- Exercise instructions
Output a character-exact copy of the data, images removed.

- Data shown
--- START ---

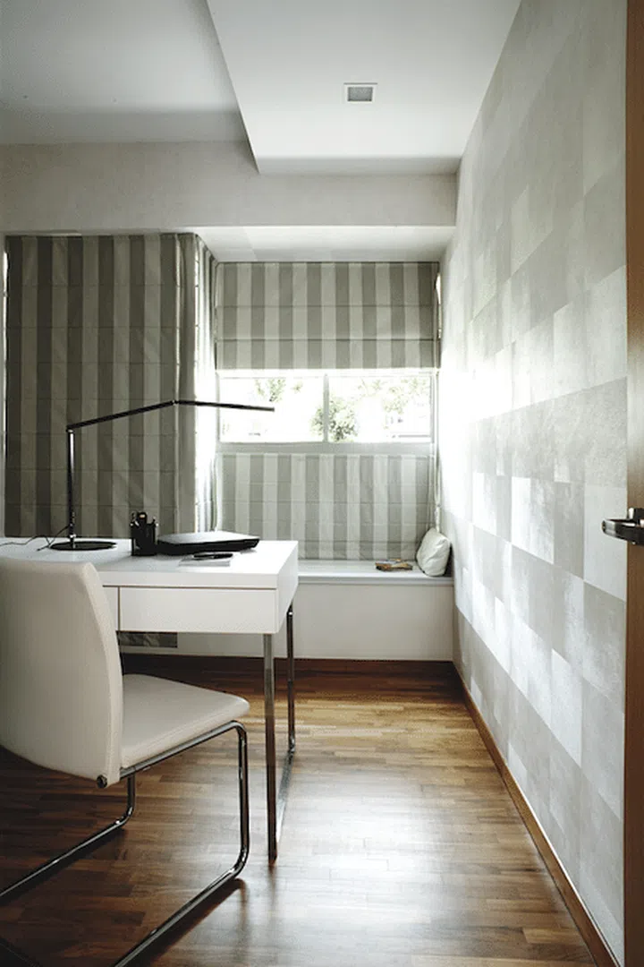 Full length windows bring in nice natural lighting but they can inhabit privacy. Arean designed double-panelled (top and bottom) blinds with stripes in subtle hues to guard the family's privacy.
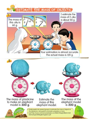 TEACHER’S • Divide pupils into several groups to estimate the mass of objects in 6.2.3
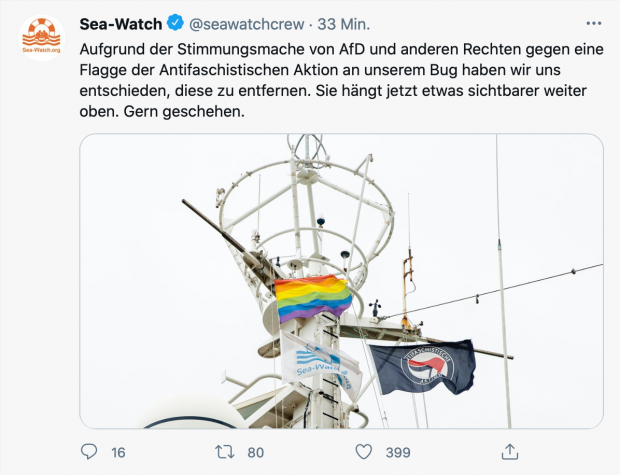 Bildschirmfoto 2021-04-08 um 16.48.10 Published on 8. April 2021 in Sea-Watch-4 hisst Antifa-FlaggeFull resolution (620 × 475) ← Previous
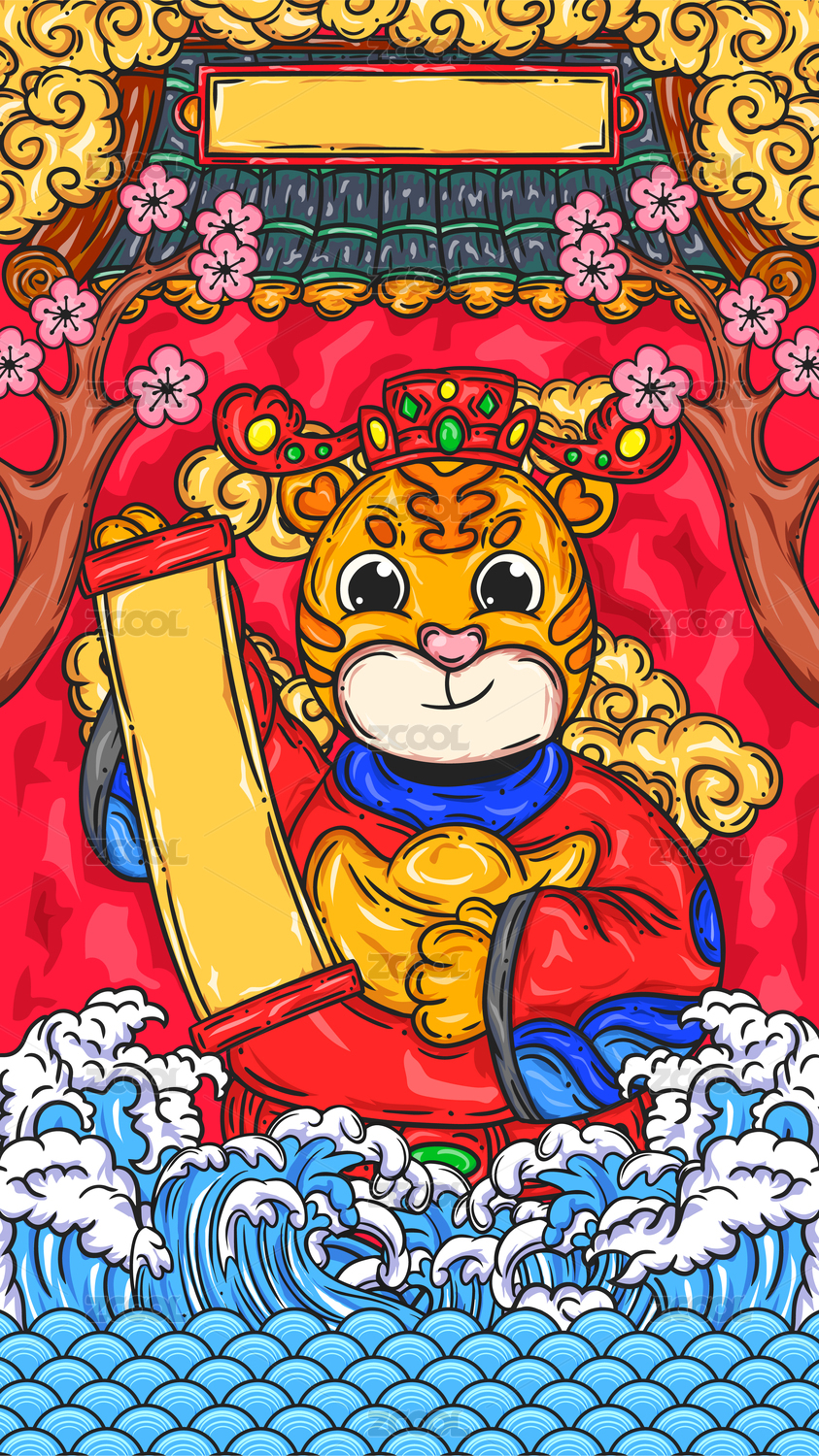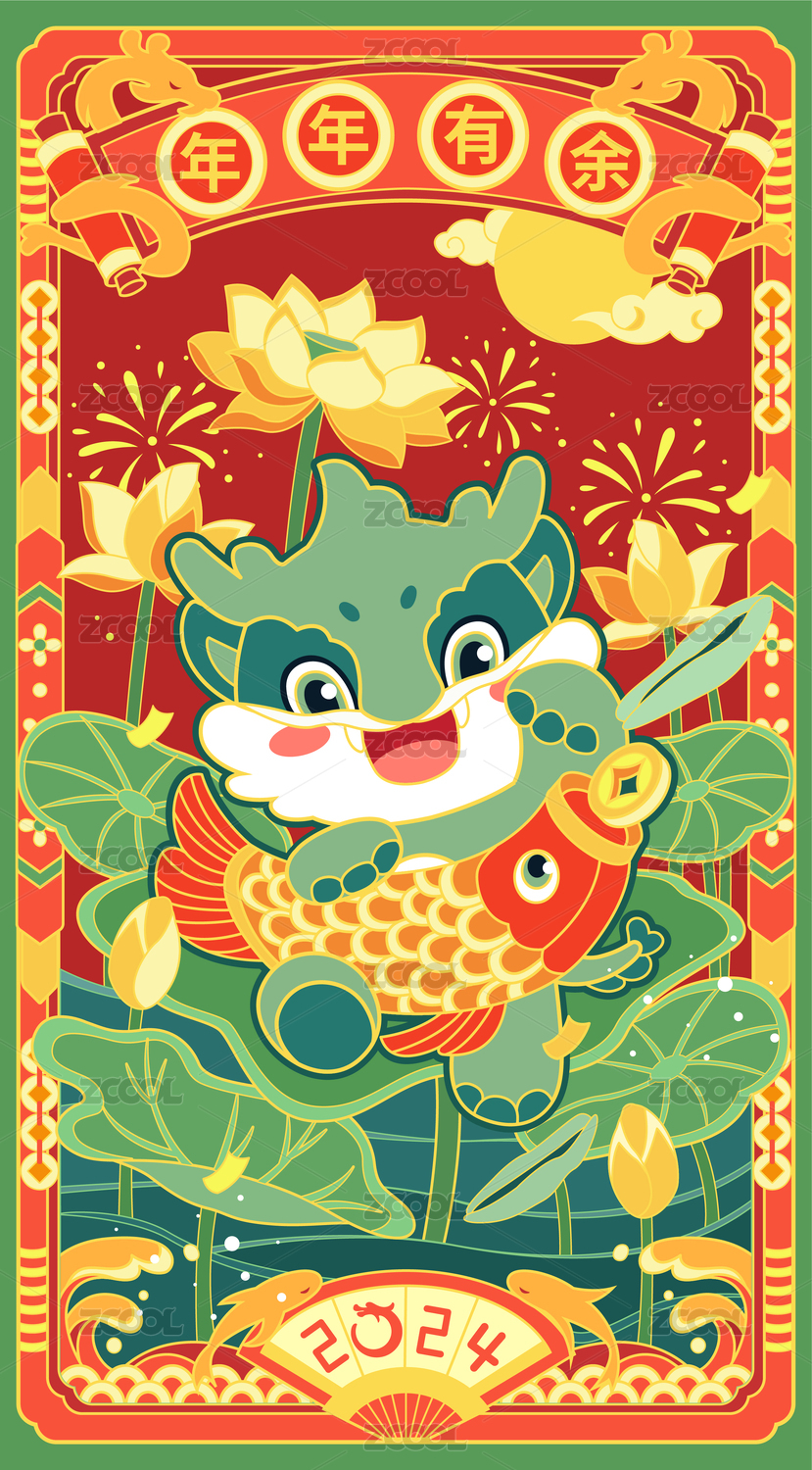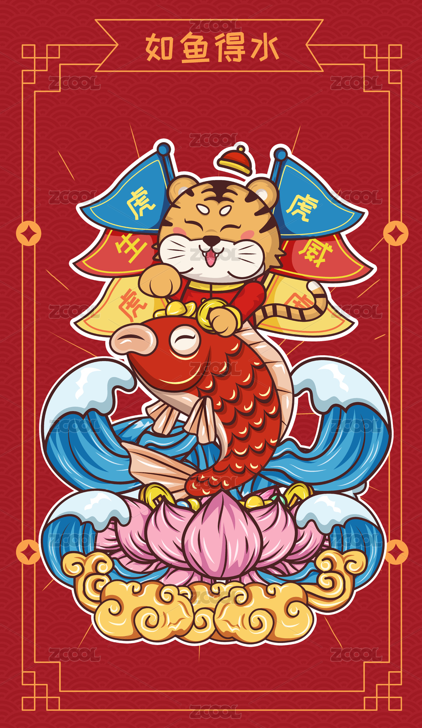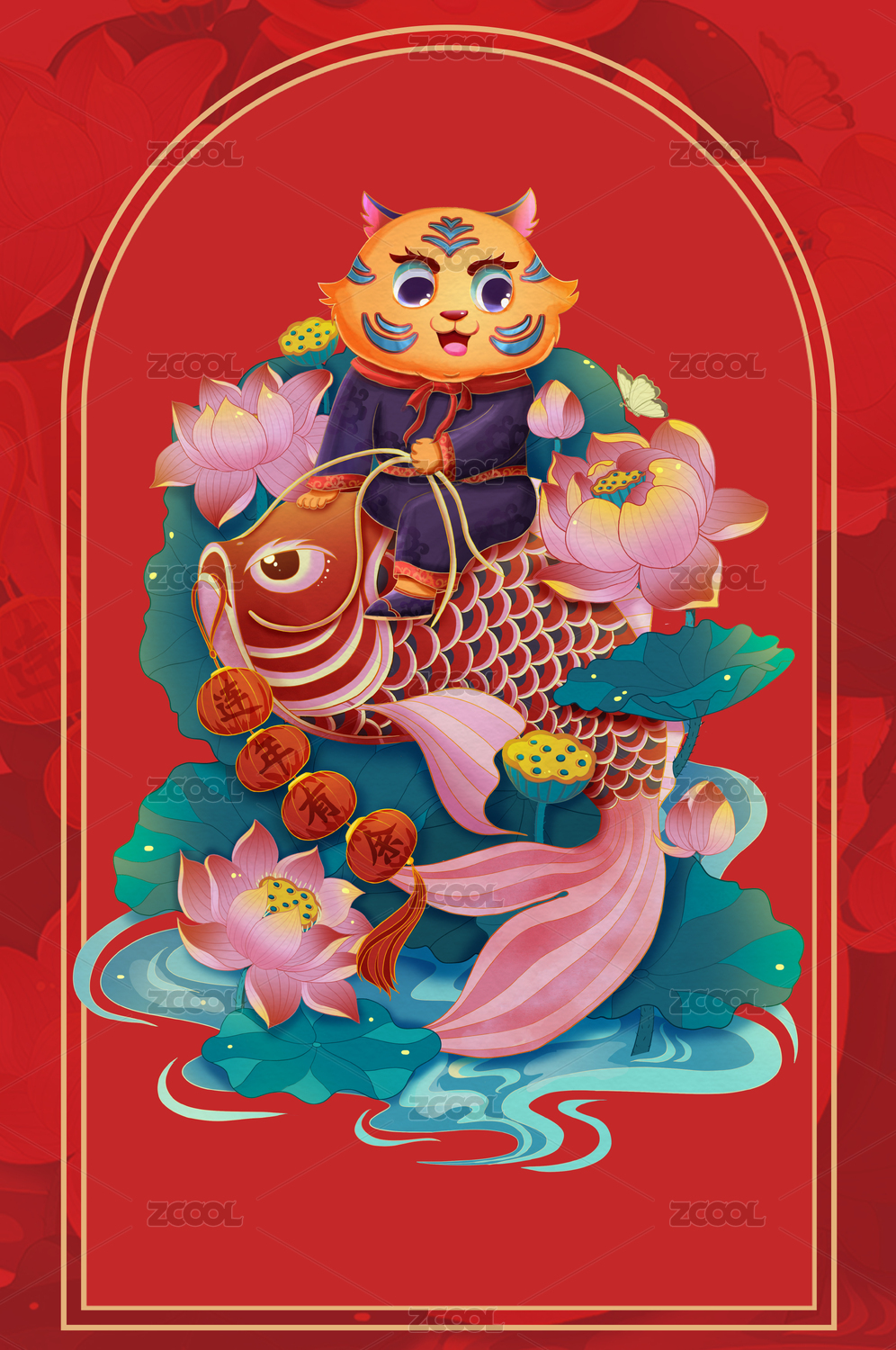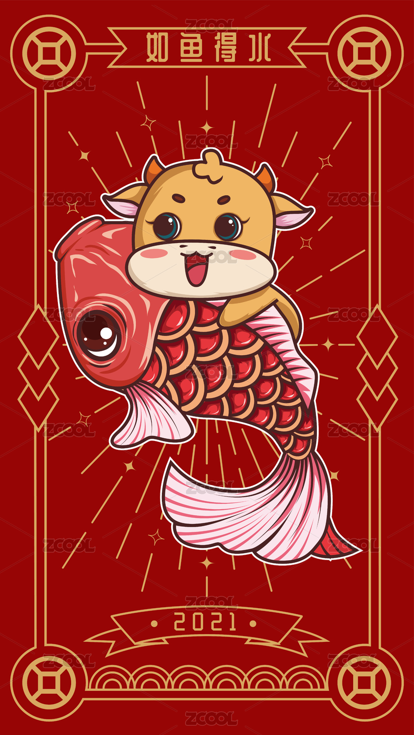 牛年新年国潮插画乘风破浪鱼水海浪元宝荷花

--- END ---

- Exercise response
 Full length windows bring in nice natural lighting but they can inhabit privacy. Arean designed double-panelled (top and bottom) blinds with stripes in subtle hues to guard the family's privacy.
 TEACHER’S • Divide pupils into several groups to estimate the mass of objects in 6.2.3
 Bildschirmfoto 2021-04-08 um 16.48.10 Published on 8. April 2021 in Sea-Watch-4 hisst Antifa-FlaggeFull resolution (620 × 475) ← Previous
 牛年新年国潮插画乘风破浪鱼水海浪元宝荷花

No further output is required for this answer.